- Information shown
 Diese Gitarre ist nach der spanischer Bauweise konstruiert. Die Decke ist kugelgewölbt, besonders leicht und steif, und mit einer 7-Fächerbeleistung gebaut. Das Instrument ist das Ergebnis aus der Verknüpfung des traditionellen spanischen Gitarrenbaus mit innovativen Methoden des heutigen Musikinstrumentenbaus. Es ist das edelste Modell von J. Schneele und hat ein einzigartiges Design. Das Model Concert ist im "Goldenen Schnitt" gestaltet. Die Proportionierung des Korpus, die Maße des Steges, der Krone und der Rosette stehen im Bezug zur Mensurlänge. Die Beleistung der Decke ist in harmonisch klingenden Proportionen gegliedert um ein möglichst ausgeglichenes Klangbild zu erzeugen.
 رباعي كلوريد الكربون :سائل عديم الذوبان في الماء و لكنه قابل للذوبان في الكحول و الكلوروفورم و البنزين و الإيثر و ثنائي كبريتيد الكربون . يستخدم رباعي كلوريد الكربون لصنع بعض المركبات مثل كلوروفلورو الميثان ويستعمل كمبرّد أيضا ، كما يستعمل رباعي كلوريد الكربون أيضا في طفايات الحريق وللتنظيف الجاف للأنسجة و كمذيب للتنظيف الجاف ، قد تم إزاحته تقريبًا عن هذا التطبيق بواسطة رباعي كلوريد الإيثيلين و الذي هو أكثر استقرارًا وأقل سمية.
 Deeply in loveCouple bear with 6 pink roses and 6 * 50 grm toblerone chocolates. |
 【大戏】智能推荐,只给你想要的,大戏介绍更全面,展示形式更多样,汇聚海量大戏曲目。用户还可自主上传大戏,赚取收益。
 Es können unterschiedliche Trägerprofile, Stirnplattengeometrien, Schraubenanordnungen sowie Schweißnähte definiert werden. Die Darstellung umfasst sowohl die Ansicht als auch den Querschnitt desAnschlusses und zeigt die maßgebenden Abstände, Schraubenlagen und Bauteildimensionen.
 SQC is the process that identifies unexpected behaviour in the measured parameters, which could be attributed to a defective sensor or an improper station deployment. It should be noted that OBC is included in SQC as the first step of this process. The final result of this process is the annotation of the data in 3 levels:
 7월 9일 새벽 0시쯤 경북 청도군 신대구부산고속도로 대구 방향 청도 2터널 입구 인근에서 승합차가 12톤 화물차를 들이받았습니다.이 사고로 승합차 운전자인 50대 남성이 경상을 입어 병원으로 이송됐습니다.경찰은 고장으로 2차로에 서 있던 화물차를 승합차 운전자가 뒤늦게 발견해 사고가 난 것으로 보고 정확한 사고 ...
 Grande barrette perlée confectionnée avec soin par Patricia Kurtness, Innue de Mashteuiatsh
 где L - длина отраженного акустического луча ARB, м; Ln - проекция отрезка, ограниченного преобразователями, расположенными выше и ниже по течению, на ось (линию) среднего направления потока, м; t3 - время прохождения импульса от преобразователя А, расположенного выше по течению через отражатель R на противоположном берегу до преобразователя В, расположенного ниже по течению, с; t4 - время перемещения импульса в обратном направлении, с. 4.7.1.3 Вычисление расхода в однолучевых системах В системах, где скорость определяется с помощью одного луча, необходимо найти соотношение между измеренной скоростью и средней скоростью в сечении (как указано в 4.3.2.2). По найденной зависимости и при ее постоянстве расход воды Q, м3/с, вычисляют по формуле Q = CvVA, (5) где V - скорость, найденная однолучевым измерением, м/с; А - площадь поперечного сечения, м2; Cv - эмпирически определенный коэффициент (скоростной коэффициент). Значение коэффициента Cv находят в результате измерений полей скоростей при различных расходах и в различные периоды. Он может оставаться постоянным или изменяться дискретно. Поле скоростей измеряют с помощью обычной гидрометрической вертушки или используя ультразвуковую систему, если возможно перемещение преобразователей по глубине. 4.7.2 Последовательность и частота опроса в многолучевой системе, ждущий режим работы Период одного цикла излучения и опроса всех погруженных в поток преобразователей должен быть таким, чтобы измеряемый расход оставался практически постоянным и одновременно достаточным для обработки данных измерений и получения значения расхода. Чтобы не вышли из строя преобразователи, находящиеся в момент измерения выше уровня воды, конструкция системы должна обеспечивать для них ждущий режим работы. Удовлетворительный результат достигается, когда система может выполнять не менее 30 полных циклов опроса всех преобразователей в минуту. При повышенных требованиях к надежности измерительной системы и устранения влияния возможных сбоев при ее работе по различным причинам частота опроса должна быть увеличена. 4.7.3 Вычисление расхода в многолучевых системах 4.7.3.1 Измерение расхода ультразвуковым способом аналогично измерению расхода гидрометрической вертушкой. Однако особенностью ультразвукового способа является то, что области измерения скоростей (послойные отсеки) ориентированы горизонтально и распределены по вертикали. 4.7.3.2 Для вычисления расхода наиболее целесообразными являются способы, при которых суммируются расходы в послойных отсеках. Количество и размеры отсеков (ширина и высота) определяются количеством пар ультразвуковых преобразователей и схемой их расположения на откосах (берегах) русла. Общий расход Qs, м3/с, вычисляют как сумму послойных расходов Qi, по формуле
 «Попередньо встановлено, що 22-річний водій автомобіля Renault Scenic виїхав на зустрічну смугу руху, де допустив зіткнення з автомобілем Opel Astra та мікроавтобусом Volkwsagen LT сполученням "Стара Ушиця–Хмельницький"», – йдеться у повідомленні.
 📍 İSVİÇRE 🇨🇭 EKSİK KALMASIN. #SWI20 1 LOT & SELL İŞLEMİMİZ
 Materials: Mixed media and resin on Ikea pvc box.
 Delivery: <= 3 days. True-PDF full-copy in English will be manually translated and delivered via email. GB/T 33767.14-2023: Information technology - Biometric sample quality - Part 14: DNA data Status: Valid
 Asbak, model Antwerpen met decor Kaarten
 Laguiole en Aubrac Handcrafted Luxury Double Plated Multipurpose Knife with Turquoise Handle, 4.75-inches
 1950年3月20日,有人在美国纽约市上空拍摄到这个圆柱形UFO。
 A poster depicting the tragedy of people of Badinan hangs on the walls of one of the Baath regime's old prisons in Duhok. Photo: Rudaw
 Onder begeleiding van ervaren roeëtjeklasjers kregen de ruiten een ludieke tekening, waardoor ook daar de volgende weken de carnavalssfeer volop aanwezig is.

- Problem details
The response must give every line from the material above that holds the string "with".

- Exercise response
 Deeply in loveCouple bear with 6 pink roses and 6 * 50 grm toblerone chocolates. |
 Laguiole en Aubrac Handcrafted Luxury Double Plated Multipurpose Knife with Turquoise Handle, 4.75-inches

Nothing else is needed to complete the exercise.